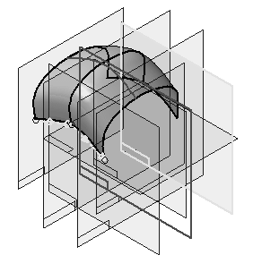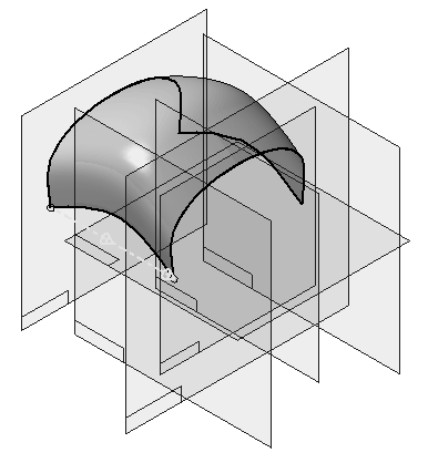 插入引导曲线方向的草图时,它穿过了另一个草图。蓝面命令自动在曲线相交处插入“蓝点”。如果横截面方向有多个草图,则沿引导曲线方向插入的草图将与蓝点连接。
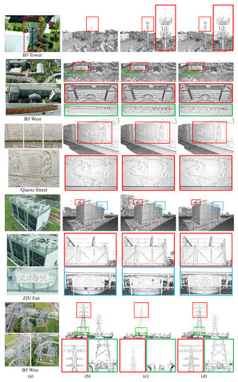 (a) Three representative image views for each case of “B5 Tower” and “ZJU Fan”. (b) The reconstructed surface models of the two cases by [58]. (c) The surface models generated by our meshing approach. (d) Comparisons of the details in the rectangles of (b,c), which shows the effectiveness of our detail-aware surface meshing.
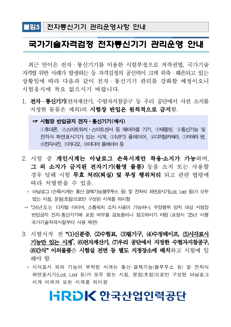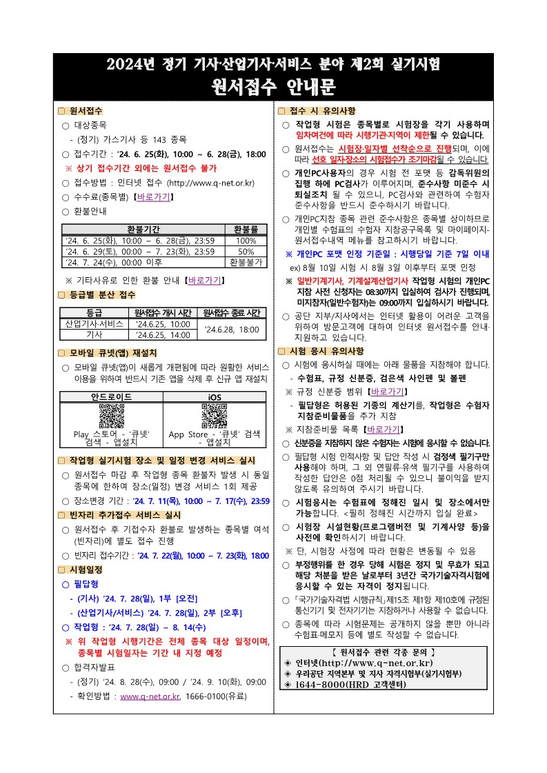 | 다음글 | [공통] 2024년도 기사 제3회 필기시험 원서접수 주요 안내사항 |
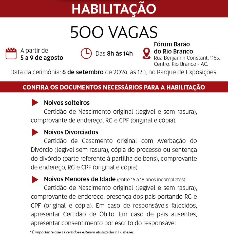 O Tribunal de Justiça do Acre (TJAC) informa que as inscrições para o Casamento Coletivo de Rio Branco foram prorrogadas. Para participar, é necessário comparecer das 8h às 14h ao Fórum Barão do Rio Branco, situado na Rua Benjamin Constant, n.º 1.165, bairro Centro.
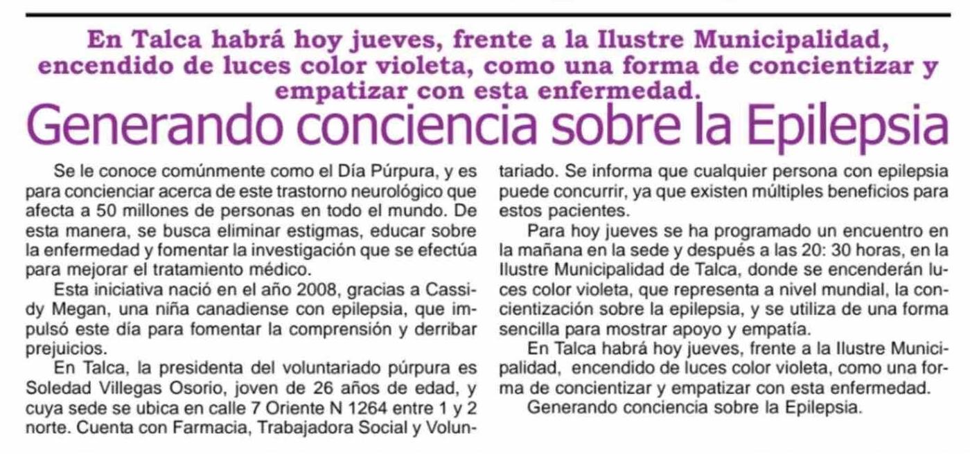 Título: En Talca habrá hoy jueves, frente a la Ilustre Municipalidad, encendido de luces color violeta, como una forma de concientizar y empatizar con esta enfermedad. Generando conciencia sobre la Epilepsia
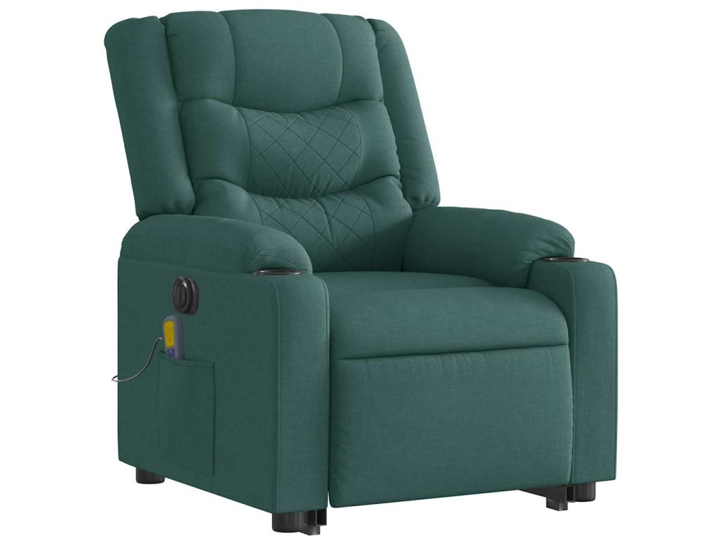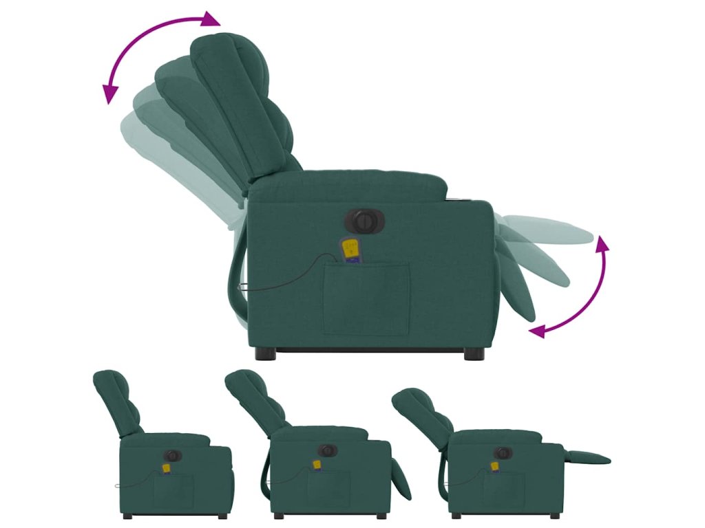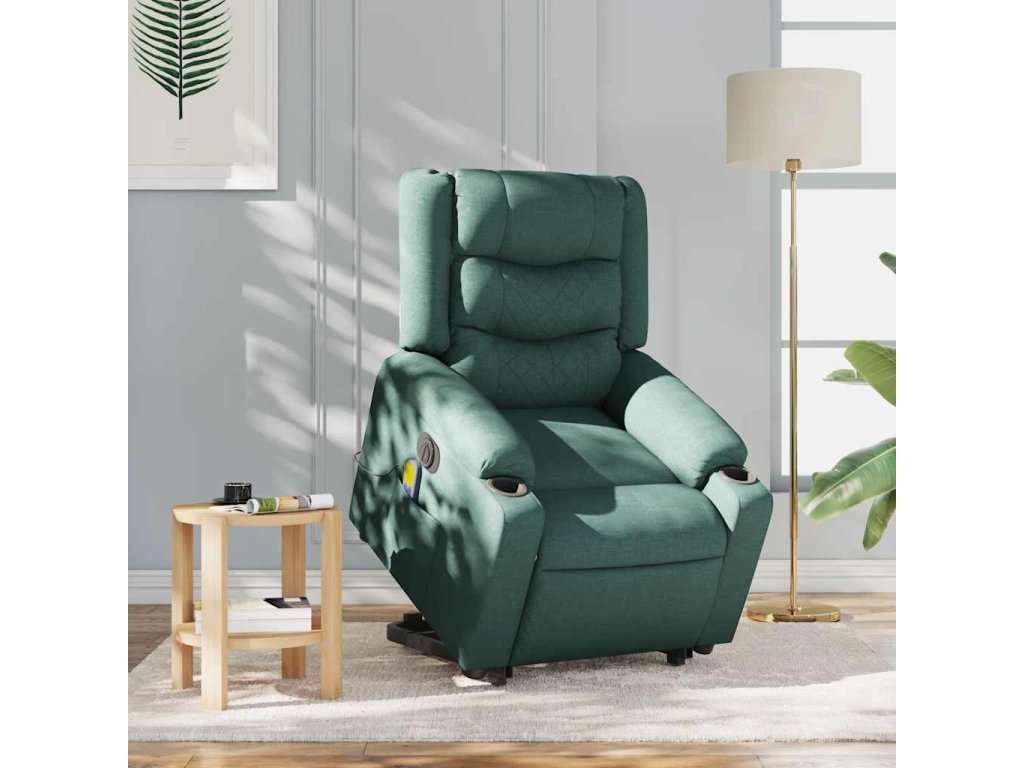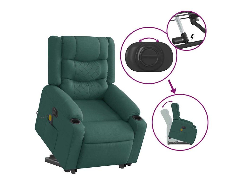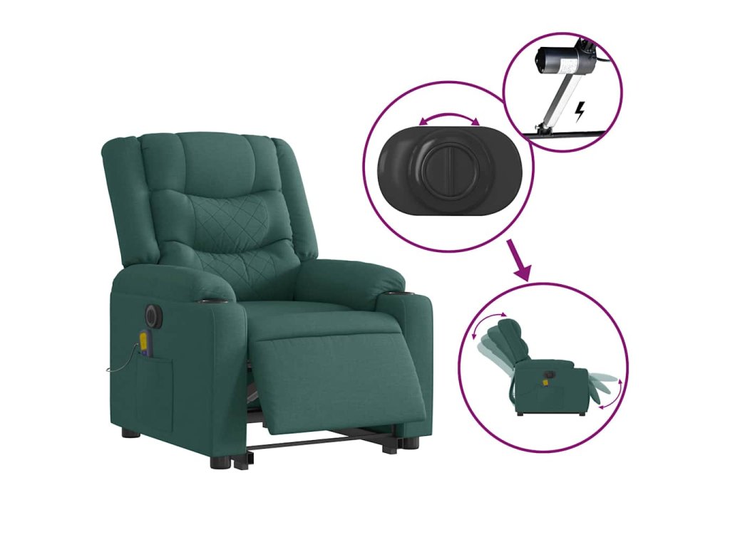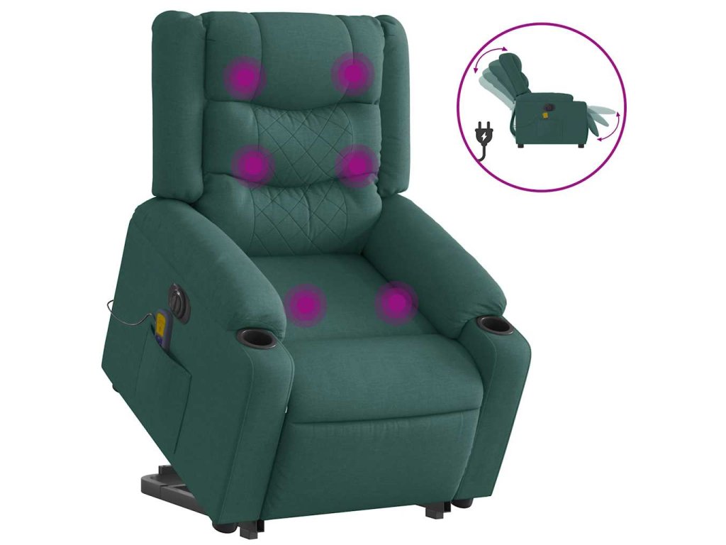 Multidom Zdvíhacie sklápacie elektrické masážne kreslo tmavozelené látka

------------------------

The entire listing is to be printed exactly, with each picture omitted.

 插入引导曲线方向的草图时,它穿过了另一个草图。蓝面命令自动在曲线相交处插入“蓝点”。如果横截面方向有多个草图,则沿引导曲线方向插入的草图将与蓝点连接。
 (a) Three representative image views for each case of “B5 Tower” and “ZJU Fan”. (b) The reconstructed surface models of the two cases by [58]. (c) The surface models generated by our meshing approach. (d) Comparisons of the details in the rectangles of (b,c), which shows the effectiveness of our detail-aware surface meshing.
 | 다음글 | [공통] 2024년도 기사 제3회 필기시험 원서접수 주요 안내사항 |
 O Tribunal de Justiça do Acre (TJAC) informa que as inscrições para o Casamento Coletivo de Rio Branco foram prorrogadas. Para participar, é necessário comparecer das 8h às 14h ao Fórum Barão do Rio Branco, situado na Rua Benjamin Constant, n.º 1.165, bairro Centro.
 Título: En Talca habrá hoy jueves, frente a la Ilustre Municipalidad, encendido de luces color violeta, como una forma de concientizar y empatizar con esta enfermedad. Generando conciencia sobre la Epilepsia
 Multidom Zdvíhacie sklápacie elektrické masážne kreslo tmavozelené látka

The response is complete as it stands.